How Green Is Lab-grown meat?

TRANSCEND MEMBERS, 7 Aug 2023

Navdanya International Press Office – TRANSCEND Media Service

Alamy

28 Jul 2023 – Synthetic foods are the next generation of ultra-processed foods made through the hyper-processing of industrially produced crops, a combination of processed and artificial ingredients and completely new ingredients produced through synthetic biology, (or so called ‘precision fermentation’), and cell-culturing. These products use a combination of gene editing used for the precision fermentation, industrial ingredients, and traditional commodity supply chains to create a product that only further entrenches our already highly problematic and destructive globalized food system.

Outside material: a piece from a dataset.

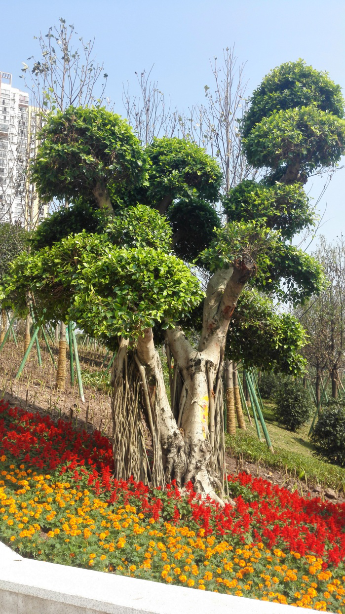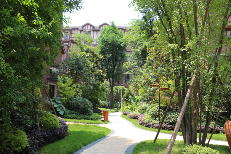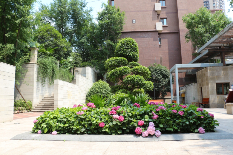 軟景部分:植物造景作為景觀營(yíng)造的重心,結(jié)合現(xiàn)場(chǎng)空間限制的特點(diǎn),我單位對(duì)其進(jìn)行的大量?jī)?yōu)化再設(shè)計(jì),打造一個(gè)猶如森林般清新、舒適的生活環(huán)境。對(duì)比原設(shè)計(jì),節(jié)點(diǎn)處大量增加了叢生樹(shù)種(如叢生三角楓、叢生欒樹(shù))配以景石、地被花卉的組團(tuán)景觀,從而增大了空間感并提升了景觀品質(zhì);另外,增加了開(kāi)花類(lèi)植物的小景點(diǎn)營(yíng)造,使植物景觀更具有觀賞性。

Why lab-made meat and dairy is not an option:

  • These false solutions will only reinforce and continue industrialization- which is the real culprit of the climate crisis. The issue of unsustainable food systems comes from the inherent unsustainability of the industrialization of all areas of food and agriculture. Whether that be through the industrial raising of animals through CAFOs (Concentrated Animal Farm Operations) where animals are force-fed industrially grown, pesticide-laced grains and soy, or the further industrialization of food now being made in a lab. These two things stem from the same corporations, the same mentality and the same denial of the industrial, globalized food systems devastation on the planet.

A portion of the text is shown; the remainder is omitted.